• **Action item**
Please return the records below exactly as they appear, leaving every picture out.

(Recorded data)
****

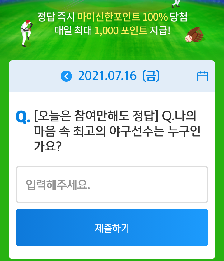 매일 야구상식 쏠퀴즈 풀고 마이신한포인트 최대 1000포인트 받아가세요.
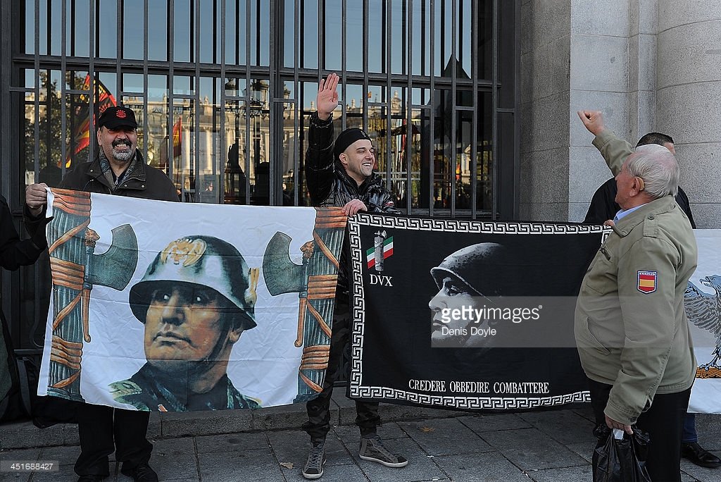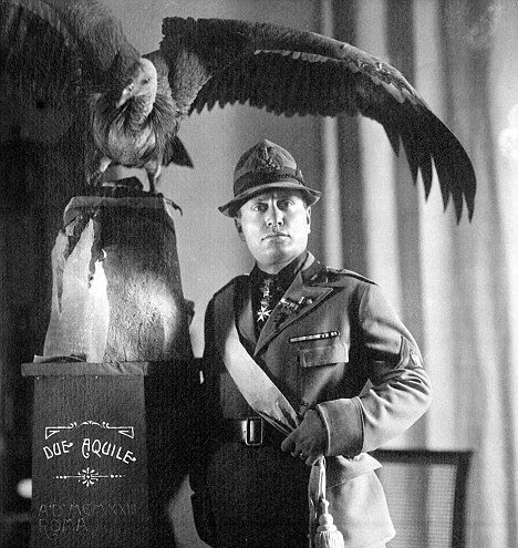 Spectacular Bronze Figure of Il Duce (Benito Mussolini) (Item IFAS 4-27; BRONZEMET 4-11; Special Items) DESCRIPTION: This is not only a fantastic likeness of the Fascist dictator, but is a superior piece of ultrarealistic art in its own right, as well. To bring about a true image of a human subject in a painting is challenging indeed, especially in realism, but to create a subject in woodcarving or clay and bring out the character and nature of the person portrayed is a very lofty achievement, indeed. Remember, a finished bronze creation begins with a handmade (carved) template before it's cast, and therein lies the difference between a pleasing, noble masterpiece like this one, and a contemporary nightmare piece of degenerate trash (Picasso). The sculptor R. Panacea certainly breathed life into the man, Benito Mussolini. It was Il Duce that said: "It is better to live one day as a lion than 100 years as a sheep." He certainly lived by this quote and the artist Panacea brings this out in a vibrant, powerful way. Il Duce’s facial features clearly demonstrate the arrogant yet noble aspirations of this later-day Caesar. |
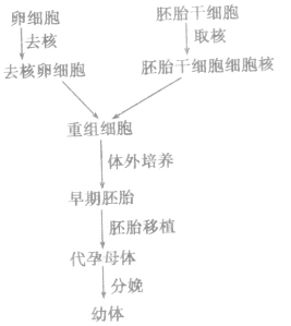 1、将胚胎干细胞核移植到去核的卵细胞中,经过胚激活、胚胎培养、胚胎移植后受体产生克隆动物,操作流程如下:
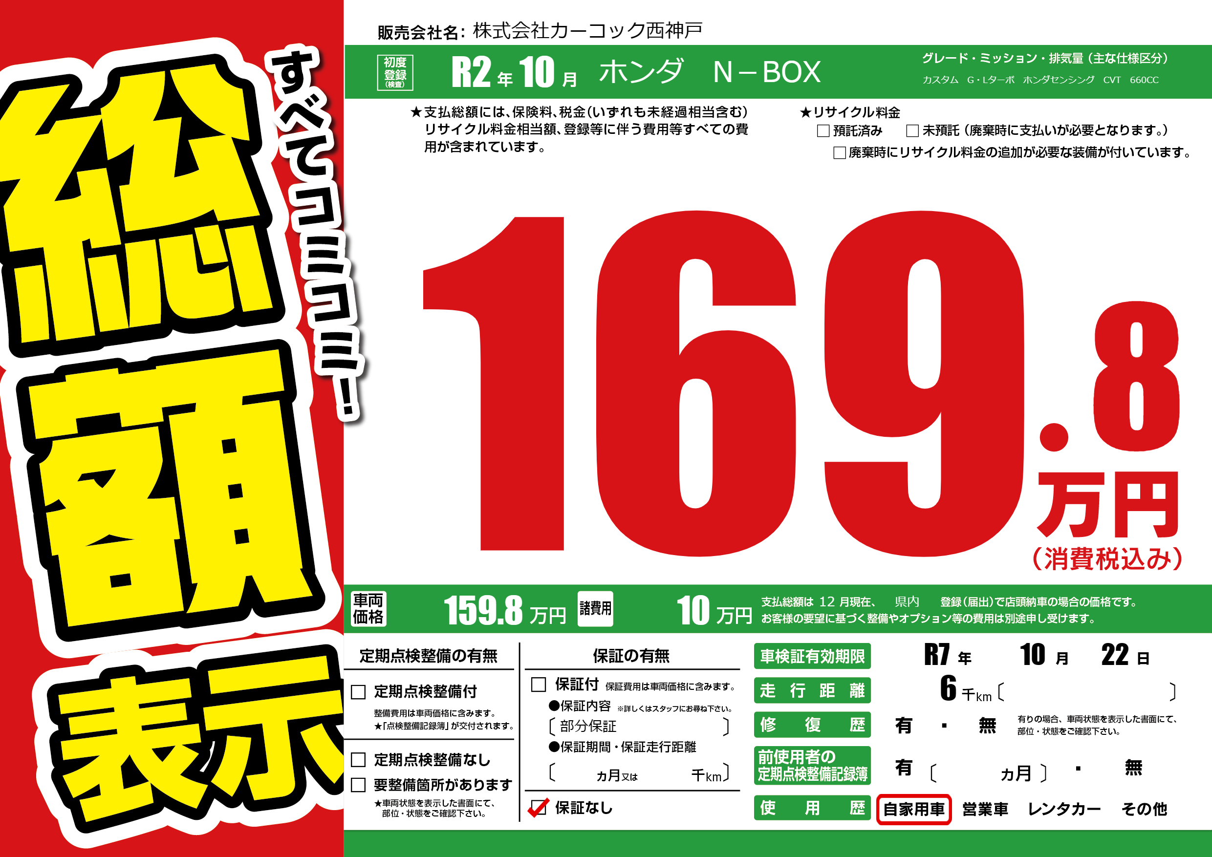 保証なし 保証内容(部分保証) ---ヶ月または()千kmまで |
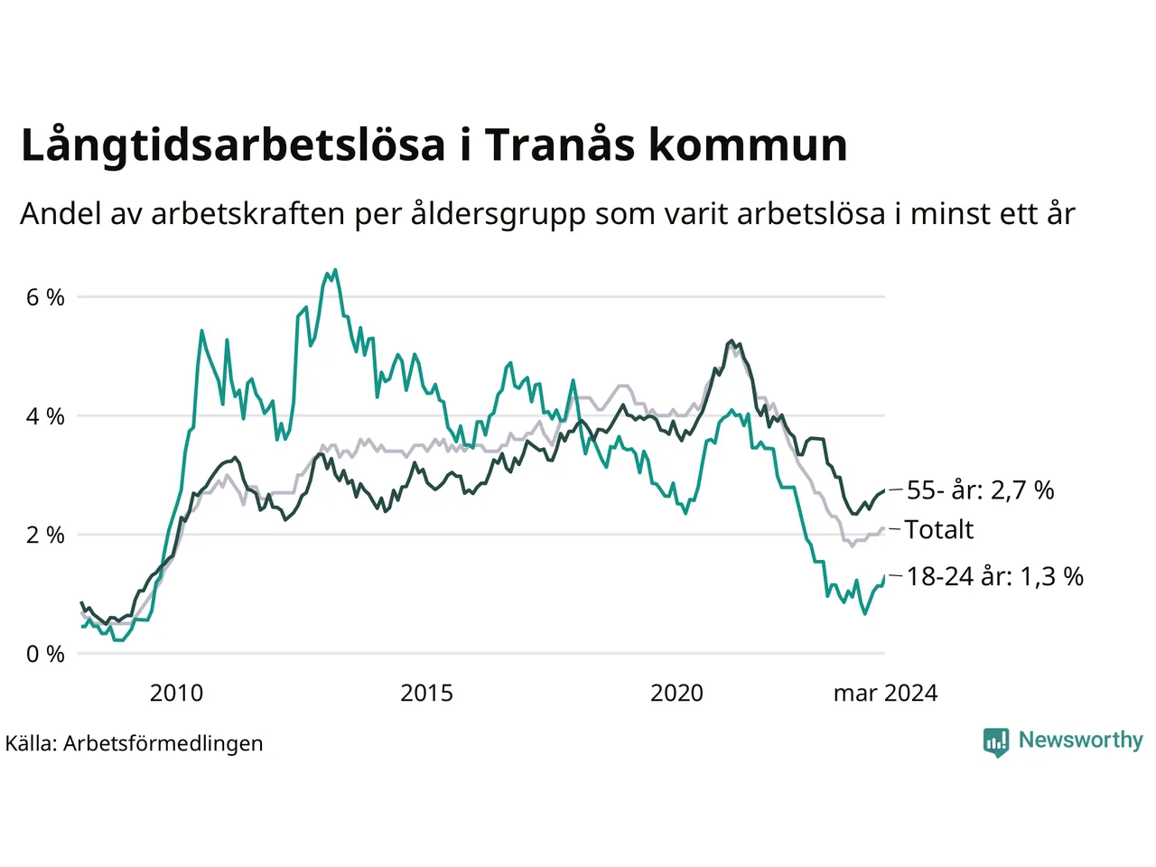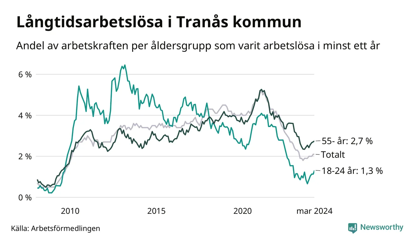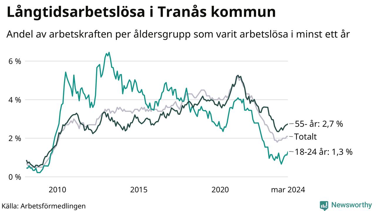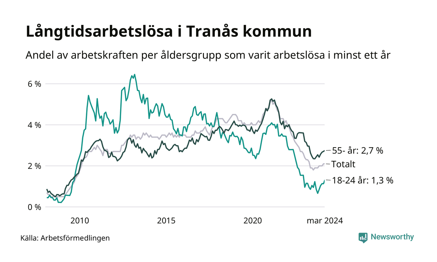 Av de 183 personerna som varit arbetslösa i mer än ett år i Tranås kommun är 53 personer mellan 55 och 651 år och 14 är mellan 18 och 24 år. För den äldre gruppen är andelen arbetslösa 2,7 procent medan den i den yngre gruppen är 1,3 procent. Även i riket som helhet är långtidsarbetslösheten högre i gruppen äldre.
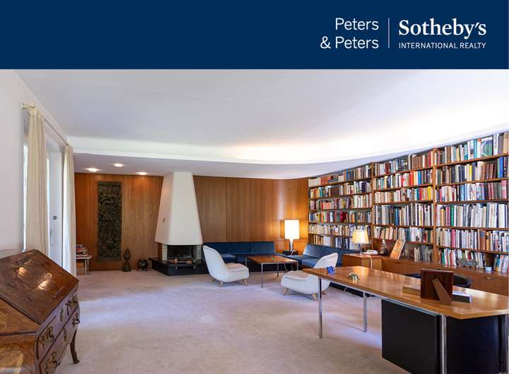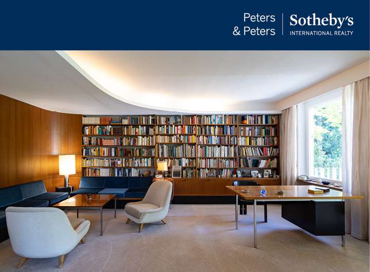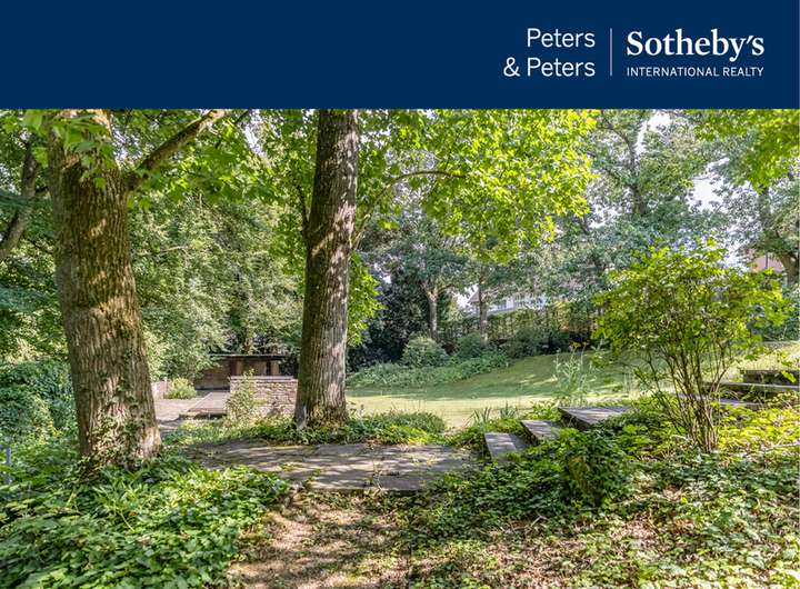 Über eine Treppe betritt man diesen besonderen Garten, der sich wie ein verborgenes Paradies hinter dem Haus öffnet. Eine weitläufige Rasenfläche, umrahmt von altem Baumbestand, bietet zu jeder Jahreszeit eine malerische Kulisse. Der Garten ist vollständig eingewachsen und nicht einsehbar – ein Ort vollkommener Privatsphäre. Zwischen Rhododendron, Sträuchern und hohen Bäumen laden verschiedene Sitzplätze zum Verweilen ein, abends stimmungsvoll beleuchtet. Blickfang ist der stillgelegte Pool, heute als Sonnenterrasse genutzt. Die Natursteinmauer mit Nerobergblick und das charmante Poolhäuschen mit überdachtem Sitzbereich erinnern an elegante Gartenkultur und bieten Raum für Feste oder stille Stunden. Das Flurstück ist mit 939 m² ist als Baugrundstück ausgewiesen. Am unteren Ende des Anwesens liegt ein weiterer, fast waldartiger Gartenbereich. Unter hohen Bäumen führen gekieste Pfade vorbei an Farnen und Efeu, nostalgische Laternen tauchen ihn abends in sanftes Licht. Hier liegen zwei weitere Flurstücke (mit 1.425 m² und mit 291 m²), bedingt baulich nutzbar. Auf dem größeren Grundstück steht ein kleines Gartenhaus – ideal als Rückzugsort, Atelier oder Spielhaus. Ein Gartentürchen führt direkt zum idyllischen Fußweg ins Nerotal. Die Villa selbst zeigt sich straßenseitig zurückhaltend, öffnet sich jedoch gartenseitig mit klarer, eleganter Architektur. Großflächige Fenster und mehrere Terrassen lassen Innen- und Außenräume verschmelzen. Eine u-förmige Terrasse begleitet den Wohnbereich, weitere Terrassen liegen im Garten- und Eingangsgeschoss. Im Inneren bewahrt die Villa den unverwechselbaren Stil der 50er-Jahre: warme Holzvertäfelungen, maßgefertigte Einbauten und ein markanter Kamin prägen den repräsentativen Wohnbereich. Esszimmer und Wohnzimmer gehen fließend ineinander über, stets mit Blick in den Garten. Küche, Schlafzimmer im Dachgeschoss, wohnlich ausgebaute Räume im Gartengeschoss sowie praktische Nebenräume runden das Raumangebot ab.

****

• **Result for this task**
 매일 야구상식 쏠퀴즈 풀고 마이신한포인트 최대 1000포인트 받아가세요.
 Spectacular Bronze Figure of Il Duce (Benito Mussolini) (Item IFAS 4-27; BRONZEMET 4-11; Special Items) DESCRIPTION: This is not only a fantastic likeness of the Fascist dictator, but is a superior piece of ultrarealistic art in its own right, as well. To bring about a true image of a human subject in a painting is challenging indeed, especially in realism, but to create a subject in woodcarving or clay and bring out the character and nature of the person portrayed is a very lofty achievement, indeed. Remember, a finished bronze creation begins with a handmade (carved) template before it's cast, and therein lies the difference between a pleasing, noble masterpiece like this one, and a contemporary nightmare piece of degenerate trash (Picasso). The sculptor R. Panacea certainly breathed life into the man, Benito Mussolini. It was Il Duce that said: "It is better to live one day as a lion than 100 years as a sheep." He certainly lived by this quote and the artist Panacea brings this out in a vibrant, powerful way. Il Duce’s facial features clearly demonstrate the arrogant yet noble aspirations of this later-day Caesar. |
 1、将胚胎干细胞核移植到去核的卵细胞中,经过胚激活、胚胎培养、胚胎移植后受体产生克隆动物,操作流程如下:
 保証なし 保証内容(部分保証) ---ヶ月または()千kmまで |
 Av de 183 personerna som varit arbetslösa i mer än ett år i Tranås kommun är 53 personer mellan 55 och 651 år och 14 är mellan 18 och 24 år. För den äldre gruppen är andelen arbetslösa 2,7 procent medan den i den yngre gruppen är 1,3 procent. Även i riket som helhet är långtidsarbetslösheten högre i gruppen äldre.
 Über eine Treppe betritt man diesen besonderen Garten, der sich wie ein verborgenes Paradies hinter dem Haus öffnet. Eine weitläufige Rasenfläche, umrahmt von altem Baumbestand, bietet zu jeder Jahreszeit eine malerische Kulisse. Der Garten ist vollständig eingewachsen und nicht einsehbar – ein Ort vollkommener Privatsphäre. Zwischen Rhododendron, Sträuchern und hohen Bäumen laden verschiedene Sitzplätze zum Verweilen ein, abends stimmungsvoll beleuchtet. Blickfang ist der stillgelegte Pool, heute als Sonnenterrasse genutzt. Die Natursteinmauer mit Nerobergblick und das charmante Poolhäuschen mit überdachtem Sitzbereich erinnern an elegante Gartenkultur und bieten Raum für Feste oder stille Stunden. Das Flurstück ist mit 939 m² ist als Baugrundstück ausgewiesen. Am unteren Ende des Anwesens liegt ein weiterer, fast waldartiger Gartenbereich. Unter hohen Bäumen führen gekieste Pfade vorbei an Farnen und Efeu, nostalgische Laternen tauchen ihn abends in sanftes Licht. Hier liegen zwei weitere Flurstücke (mit 1.425 m² und mit 291 m²), bedingt baulich nutzbar. Auf dem größeren Grundstück steht ein kleines Gartenhaus – ideal als Rückzugsort, Atelier oder Spielhaus. Ein Gartentürchen führt direkt zum idyllischen Fußweg ins Nerotal. Die Villa selbst zeigt sich straßenseitig zurückhaltend, öffnet sich jedoch gartenseitig mit klarer, eleganter Architektur. Großflächige Fenster und mehrere Terrassen lassen Innen- und Außenräume verschmelzen. Eine u-förmige Terrasse begleitet den Wohnbereich, weitere Terrassen liegen im Garten- und Eingangsgeschoss. Im Inneren bewahrt die Villa den unverwechselbaren Stil der 50er-Jahre: warme Holzvertäfelungen, maßgefertigte Einbauten und ein markanter Kamin prägen den repräsentativen Wohnbereich. Esszimmer und Wohnzimmer gehen fließend ineinander über, stets mit Blick in den Garten. Küche, Schlafzimmer im Dachgeschoss, wohnlich ausgebaute Räume im Gartengeschoss sowie praktische Nebenräume runden das Raumangebot ab.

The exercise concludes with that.